Despite a large number of patients suffering, the global burden of IFIs remains relatively underappreciated and underfunded. We face many challenges in the treatment of these diseases due to increasing resistance to currently available antifungals, demanding the need for development of new treatment options. This review focused on several novel antifungal therapies at various clinical stages in the development pipeline, including a first device used as adjunctive therapy.

These new antifungals have many potential roles and advantages over current drugs. New drugs, including olorofim, fosmanogepix, and ibrexafungerp, are now available options for the treatment of previously pan-resistant organisms. This is incredibly important because these drugs offer options for physicians where there were previously no treatment avenues available. In the case of olorofim, physicians now have another course of action in tackling triazole-resistant Aspergillus isolates [129] and other pan-resistant fungal pathogens including Lomentospora spp [133]. Still, chemical classes for IFI treatment are so few that emergence of resistance to even 1 drug class tragically limits therapy options.

Many of the described therapies have improved safety profiles with reduced toxicity and fewer adverse effects and drug-drug interactions while preserving efficacy. A majority of IFI cases are seen in patients with other comorbid conditions [177], and a variety of treatments and procedures for other conditions are well recognized risk factors for developing IFIs, such as abdominal surgery, chemotherapy, and use central venous catheters. With these patients being treated for multiple reasons concurrently, drug-drug interactions and compound toxicities are significant concerns for physicians. A patient’s ability to tolerate the effects of treatment can limit a clinician when prescribing a course of treatment, especially in critically ill patients. For example, CAmB minimizes the toxicity seen with AmB by using cochleates as a drug delivery system to target the fungal cell membrane. Likewise, olorofim and fosmanogepix have lower risk of toxicity due to fungal-specific targets, and they also possess novel mechanisms of action by inhibition of fungal DHODH for pyrimidine synthesis and Gwt1 for GPI-anchor protein synthesis, respectively. The caveat of olorofim is related to possible drug-drug interactions given its weak inhibition of CYP3A4. Drug-drug interactions are minimized while using CamB and also with tetrazoles because they selectively target the fungal CYP51 enzyme.

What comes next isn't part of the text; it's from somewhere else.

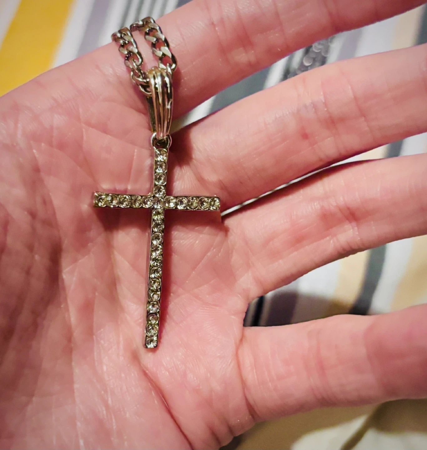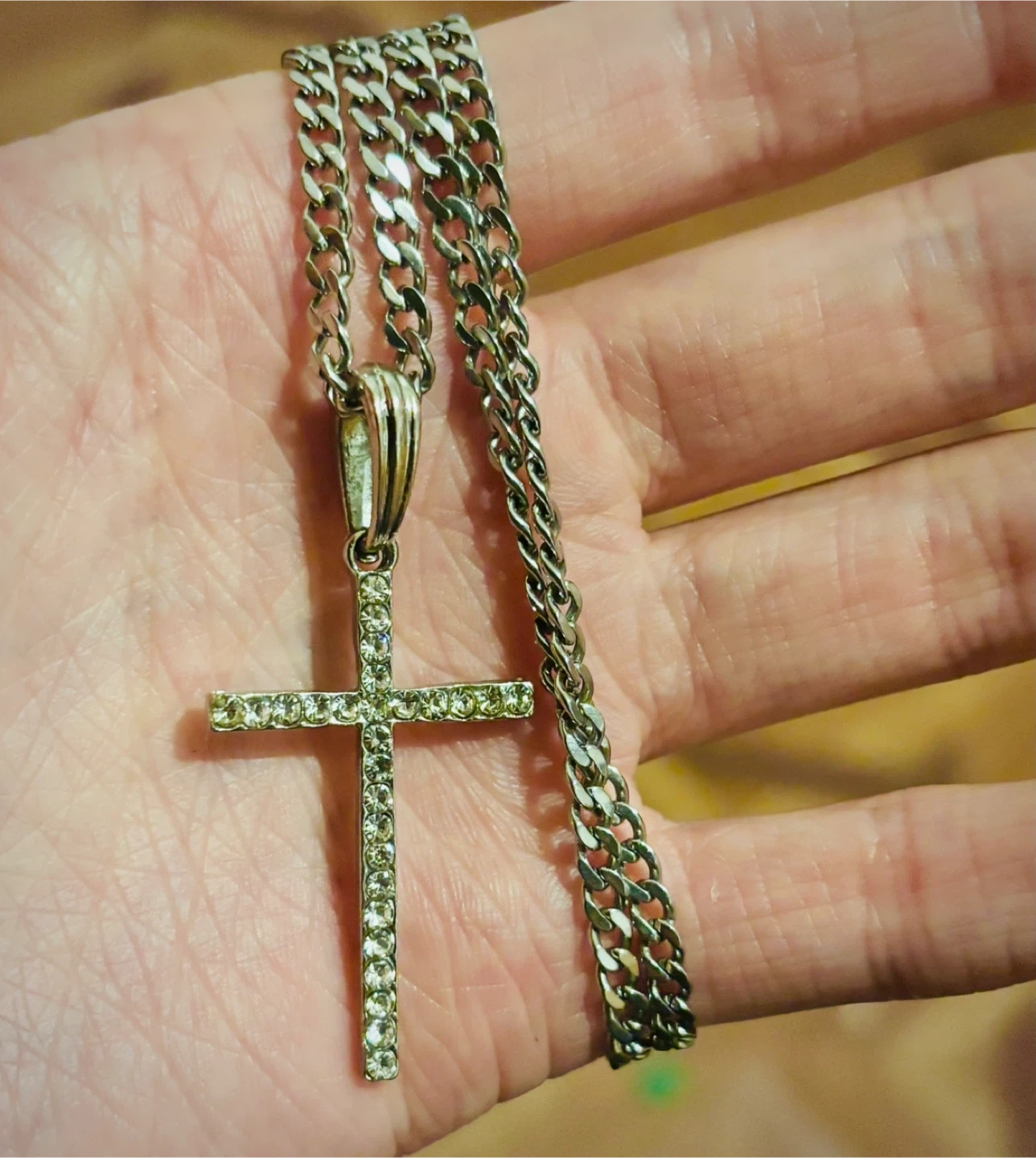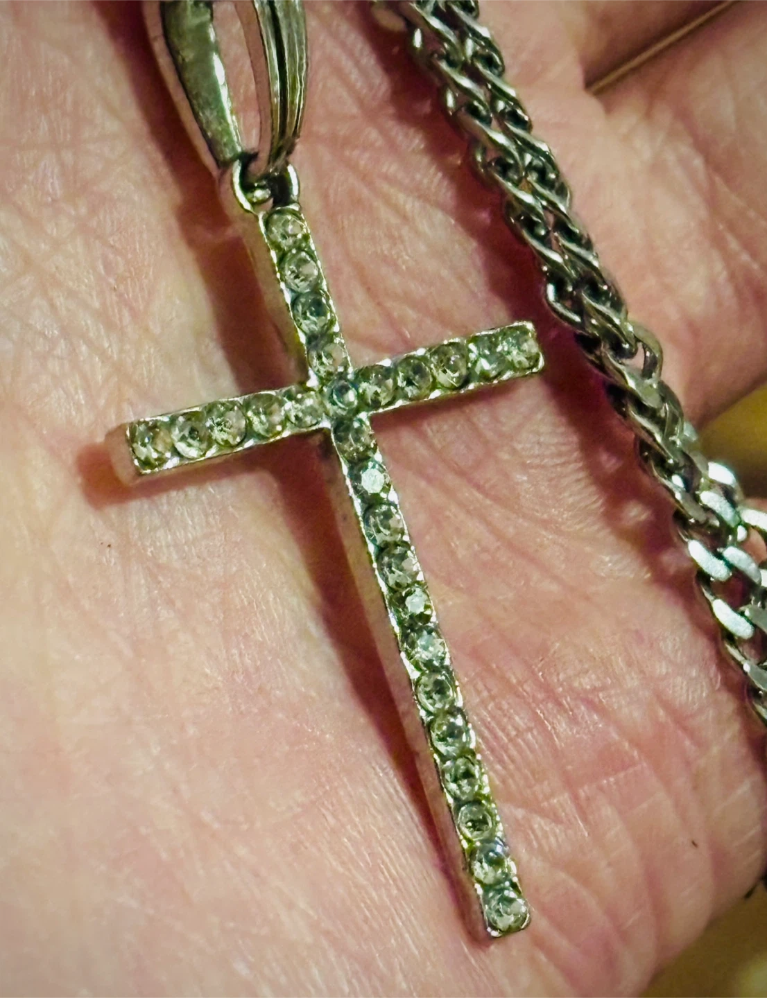 This cross pendant necklace features a chain with a curb link design. The cross pendant is adorned with clear rhinestones. It's made of stainless steel. The pendant has a polished silver-tone finish. Accepting only cash as of right now.

The burden of administration requirements is reduced with the oral formulation of ibrexafungerp, olorofim, and CAmB decreasing barriers of IV administration, and rezafungin has a longer half-life allowing weekly dosing. Complex dosing schedules and IV administration requirements are known to negatively impact medication adherence [178, 179], and, for patients receiving antifungal treatment for extended periods, these oral formulations and reduced dosing intervals have the potential to decrease hospital and clinic visits and ultimately increase patient adherence during treatment.

CONCLUSIONS

These promising features begin to address the urgent need for improvement in available therapies, but there is work still to be done. It is unfortunate that the potential toxicities and disadvantages of these therapies have not been fully evaluated, because most of them have not reached advanced clinical development in stage 3 or 4 studies. Even with all of the drugs in development, not every compound with antifungal activity will result in an approved drug for the market. Translating the results of early studies into clinical candidates can be difficult due to efficacy and financial reasons, and only approximately 20% of the potential antifungal targets published in the literature were further developed [16]. However, given the number of new promising compounds in development, the future is brighter than it has ever been.